Wenn das Ergebnis dieses Versuchs darin besteht (ich bitte die tagespolitische Äußerung zu entschuldigen), dass eine als in Teilen rechtsextrem eingestufte Partei bei der letzten Wahl landesweit an die 20% holte, ganz ohne verlorenen Weltkrieg, Millionen von Witwen, Waiseen und Kriegsversehrten, Reparationsproblematik, zeitweilige internationale Finanzaufsicht, Hyperinflation, Besetzung von Teilen des Landes oder mit 1929 und folgend vergleichbarer akuter Weltwirtschaftskrise und damit verbundener veritabler Massenarbeitslosigkeit über das gewöhnliche Maß hinaus und wenn man konstatieren muss dass selbst, wenn man die Linkspartei als einwandfrei vollständig Republik- und Demokratietreu einstuft, an die 25% der Bevölkerung mit AfD und BSW Parteien gewählt haben, bei denen man wirklich Bauchschmerzen bekommen kann, wenn nicht muss, bezweifle ich irgendwie, dass da im Hinblick auf das "wie", was die Vermeidung angeht, das Richtige gelernt wurde.

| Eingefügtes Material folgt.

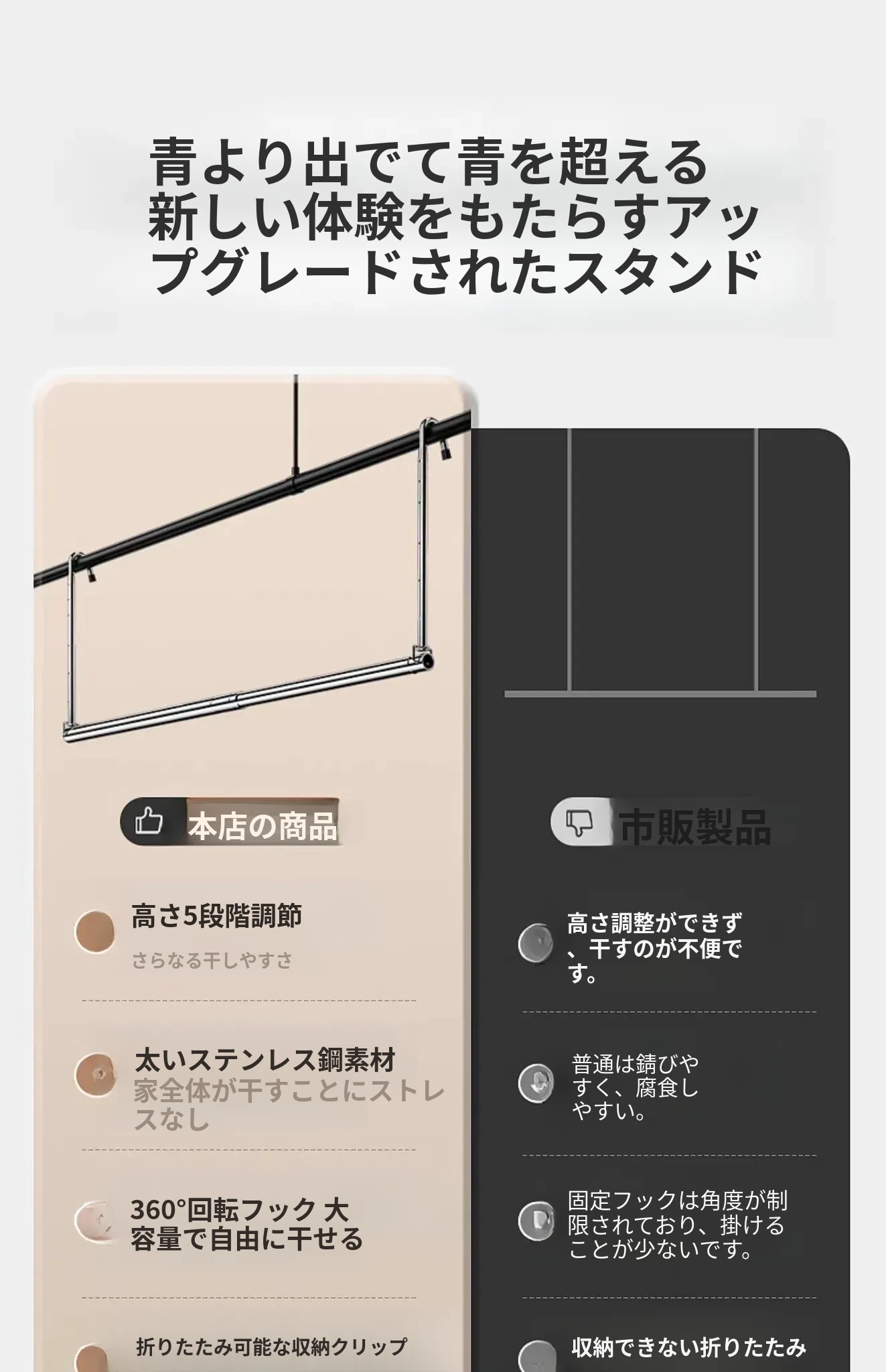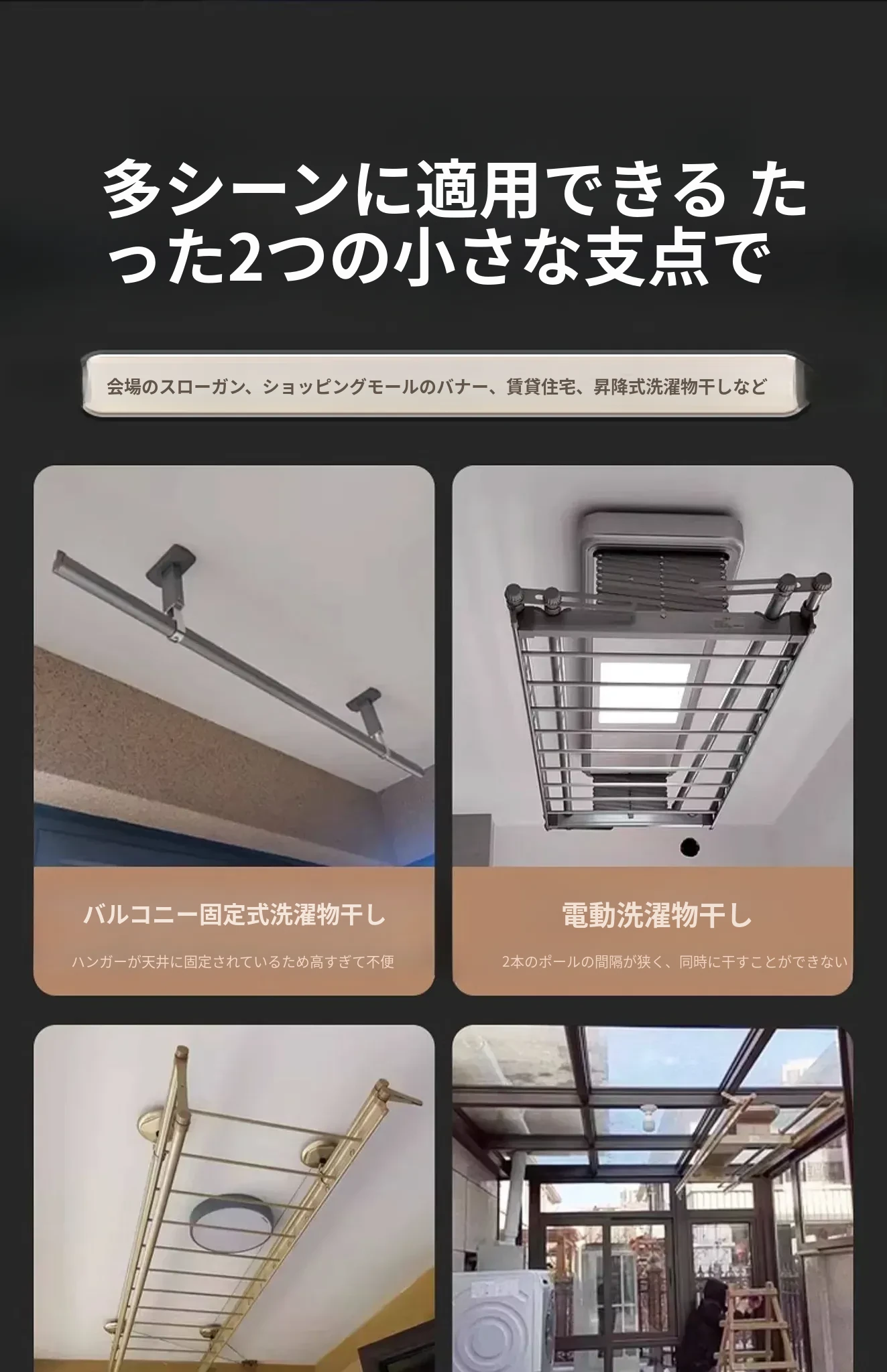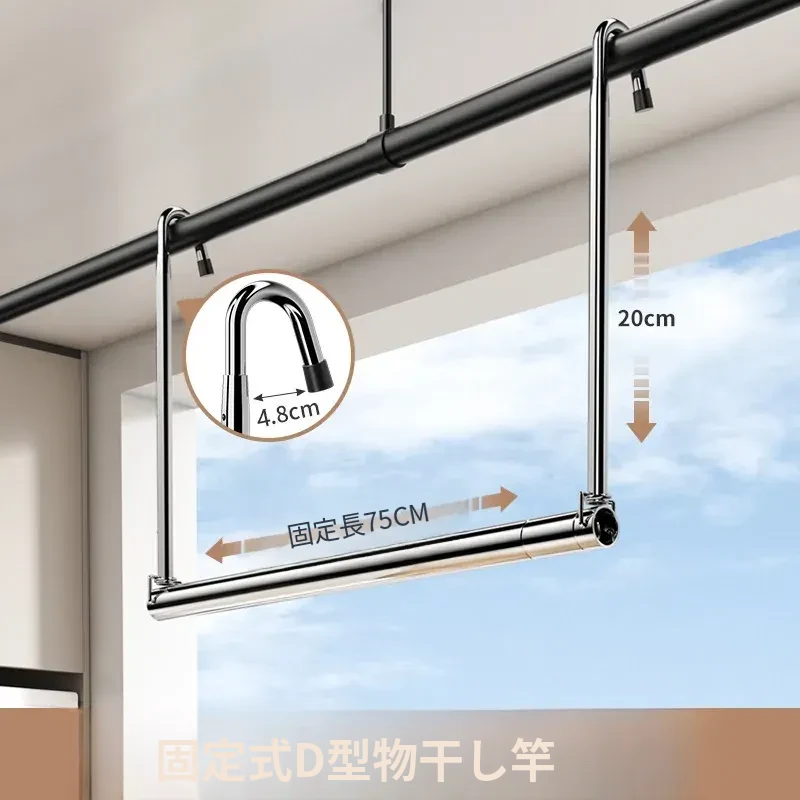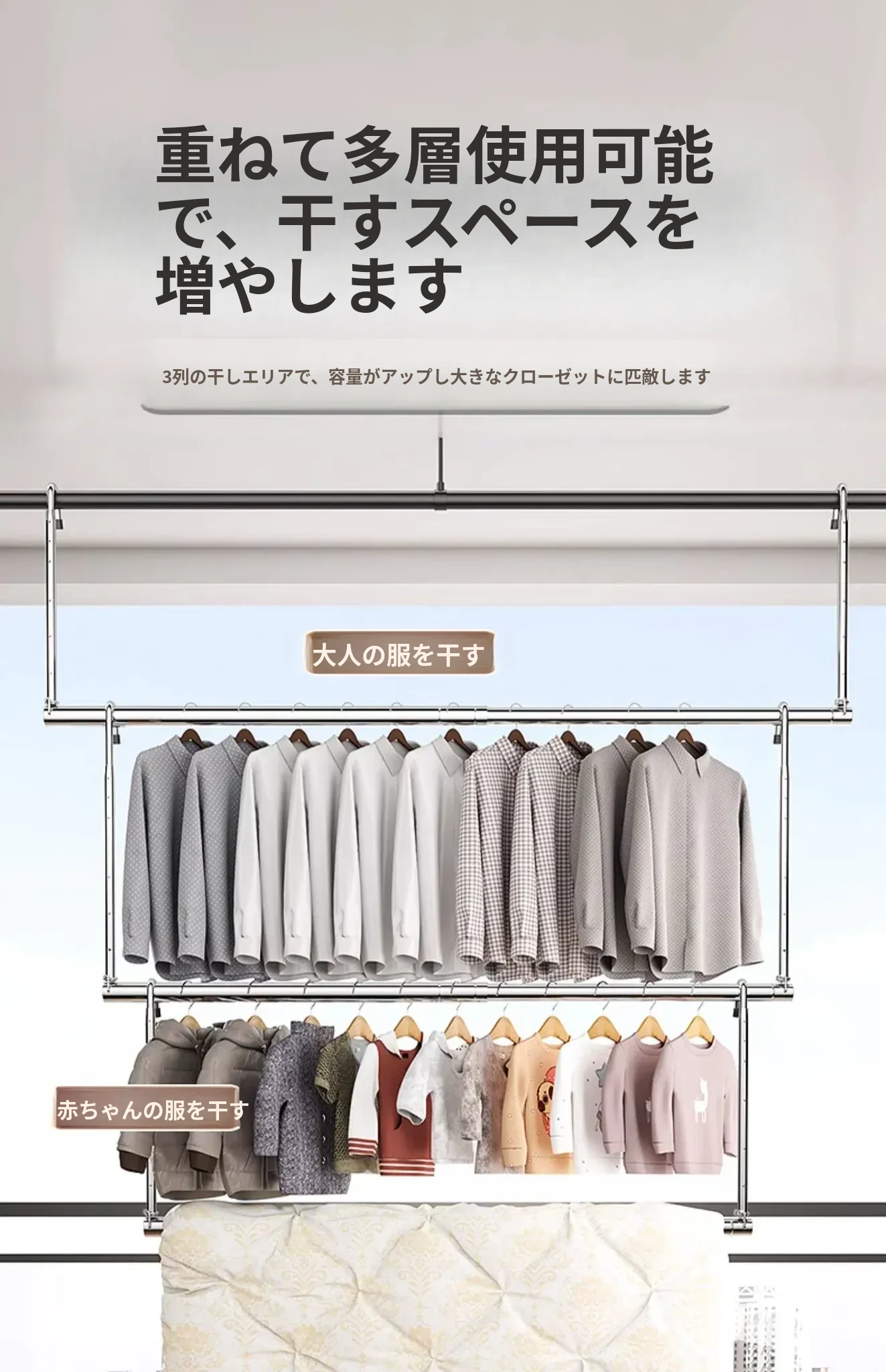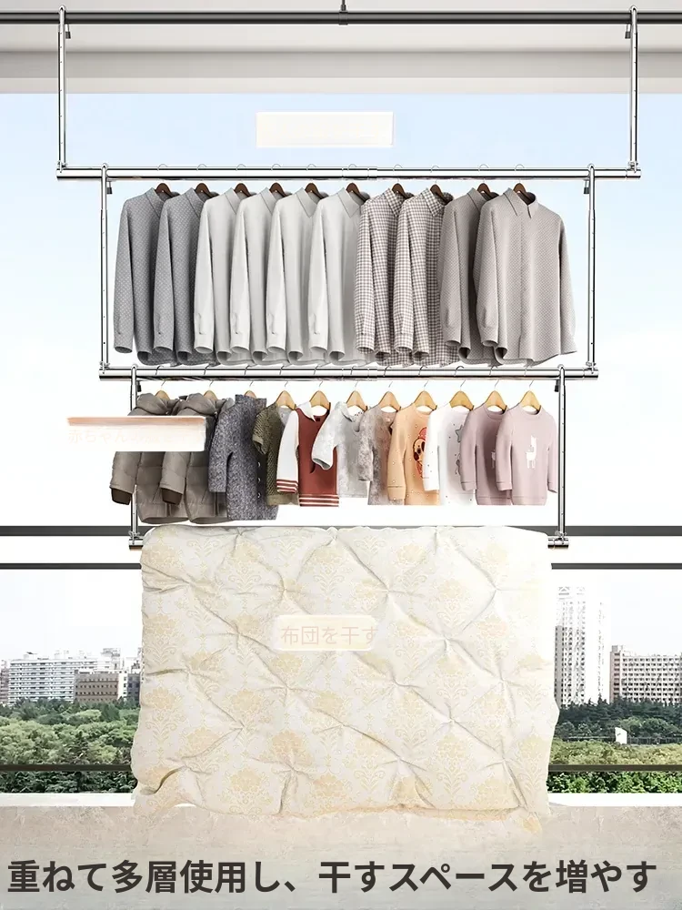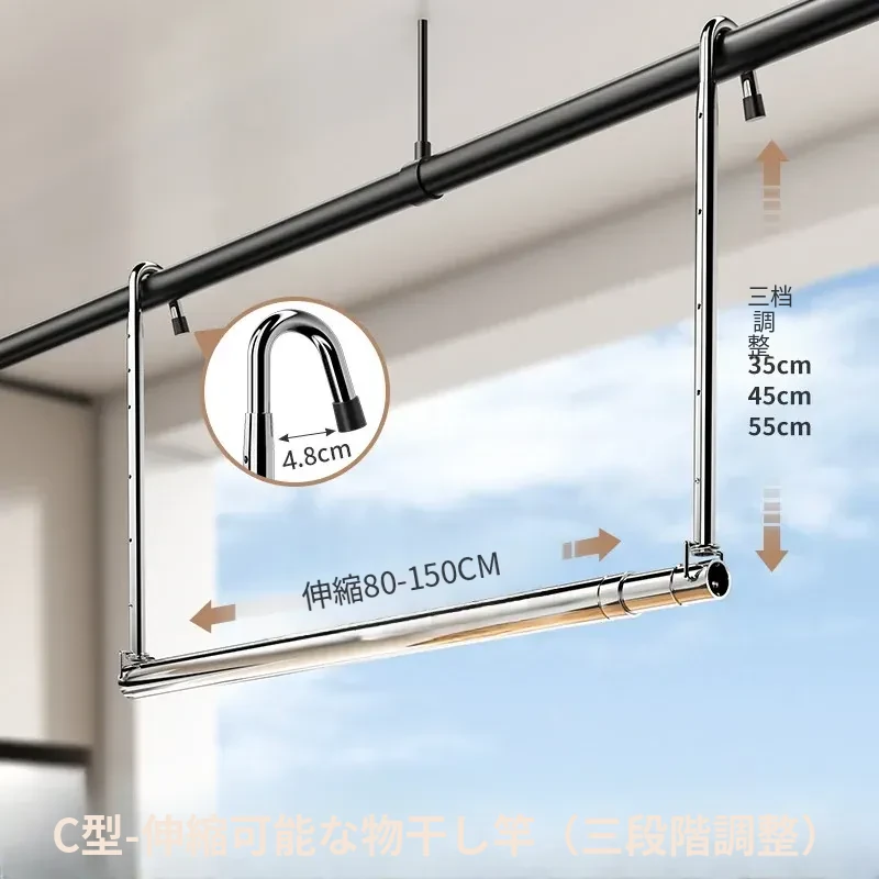 バルコニー用伸縮式物干し竿 - ステンレス製・穴あけ不要・昇降式で便利!布団も干せる魔法のハンガー。家庭での洗濯がもっと楽しくなるアイテム!

Angesichts der momentanen Entwicklung kann der Schluss daraus eigentlich nur lauten, dass entweder die Mechanismen nicht mehr vergleichbar mit denen der 1930er Jahre sind, weil sich die Grundlagen der Gesellschaft zu sehr geändert haben oder dass die Mechanismen die in den 1920er und 1930er Jahren zum Erstarken der extremen Rechten geführt haben nie richtig verstanden wurden, oder aber das aus Bequemlichkeitsgründen richtige gezogene Lehren nicht befolgt werden.

Das wäre das traurige Fazit, ich möcht nicht wissen, wie es in diesem Land politisch aussähe, wenn es ähnlich schwerwiegende Hypotheken zu tragen hätte, wie die Weimarer Republik, trotz der Bemühungen Lehren zu ziehen.